• Record extracts:

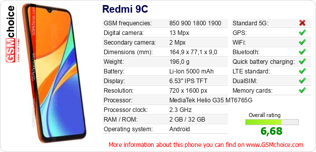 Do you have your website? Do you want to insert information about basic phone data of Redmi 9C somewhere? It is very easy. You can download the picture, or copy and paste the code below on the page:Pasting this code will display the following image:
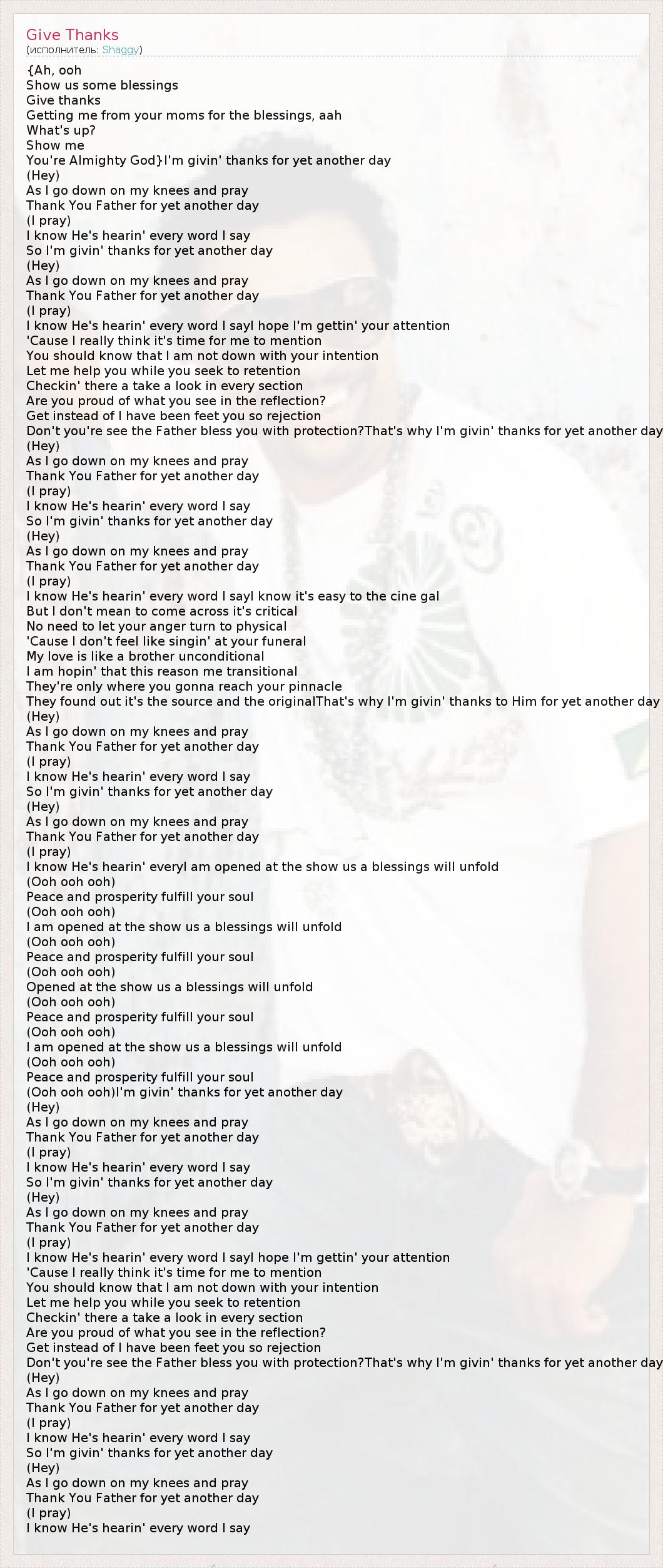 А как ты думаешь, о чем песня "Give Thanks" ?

==

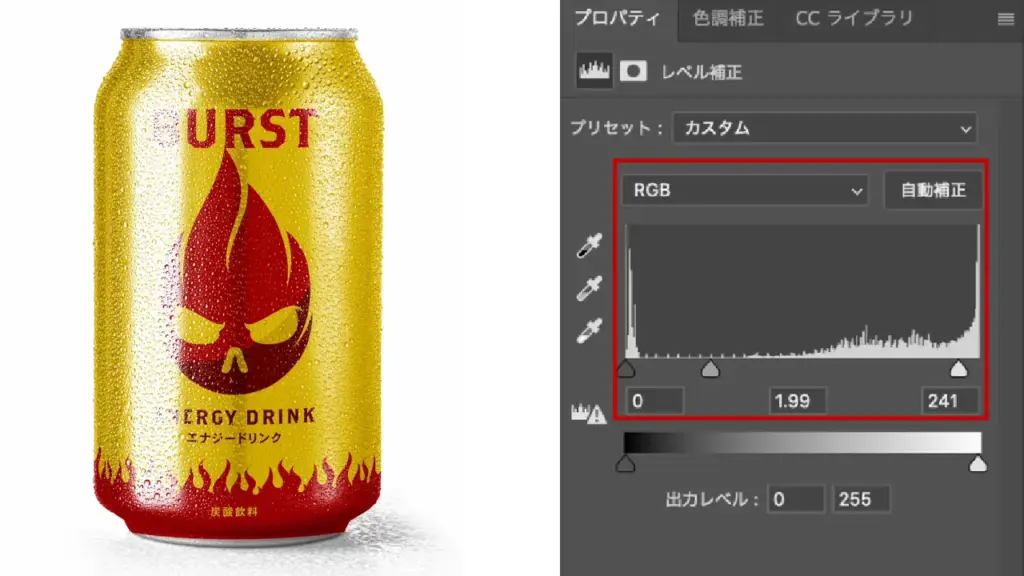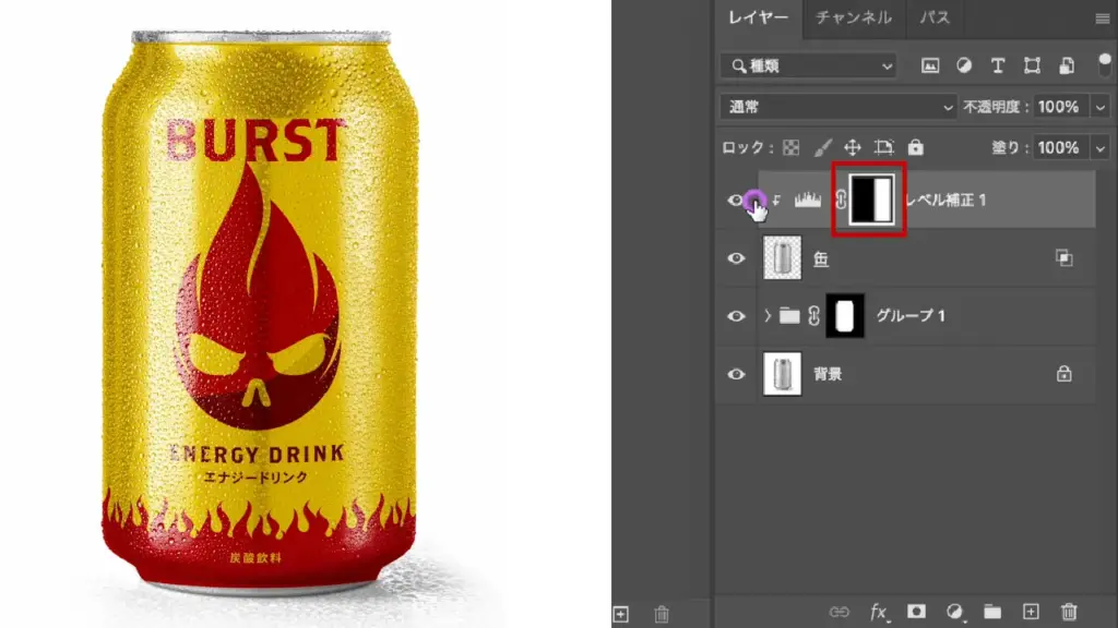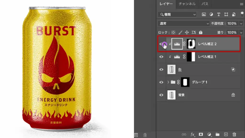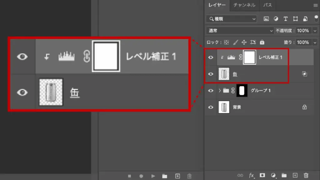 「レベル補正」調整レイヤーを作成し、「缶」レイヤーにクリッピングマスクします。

...

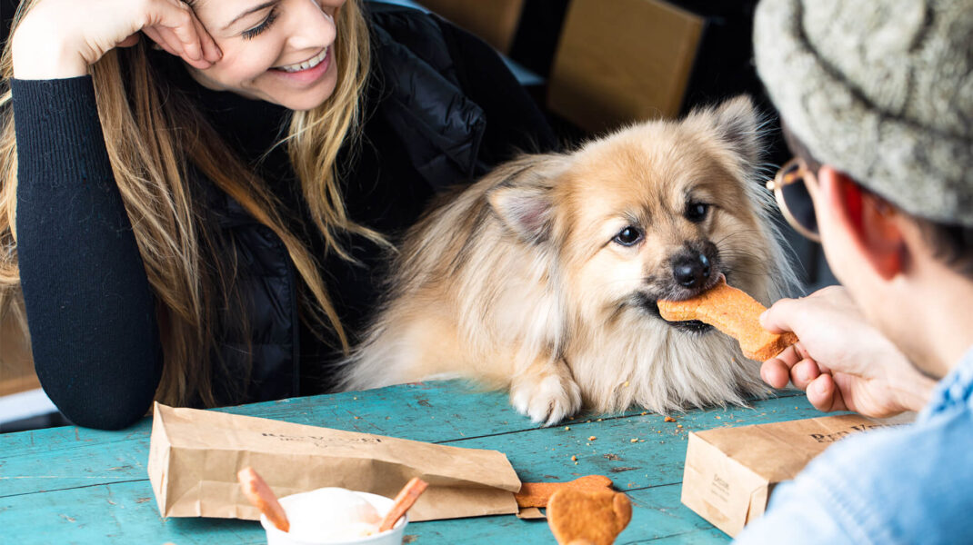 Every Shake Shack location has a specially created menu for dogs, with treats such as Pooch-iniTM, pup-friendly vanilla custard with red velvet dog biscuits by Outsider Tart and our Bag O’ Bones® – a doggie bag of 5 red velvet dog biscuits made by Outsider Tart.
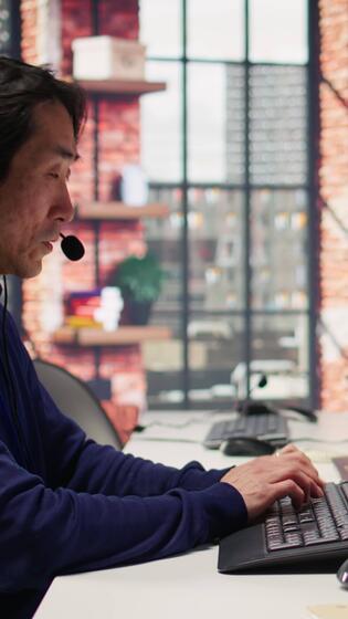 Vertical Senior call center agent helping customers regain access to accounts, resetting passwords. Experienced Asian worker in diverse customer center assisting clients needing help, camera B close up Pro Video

• Exercise instructions:
Copy out the lines above from the line containing "Do you have" through the line containing "А как ты думаешь, о", exactly, and keep the pictures out.

• Written reply:
 Do you have your website? Do you want to insert information about basic phone data of Redmi 9C somewhere? It is very easy. You can download the picture, or copy and paste the code below on the page:Pasting this code will display the following image:
 А как ты думаешь, о чем песня "Give Thanks" ?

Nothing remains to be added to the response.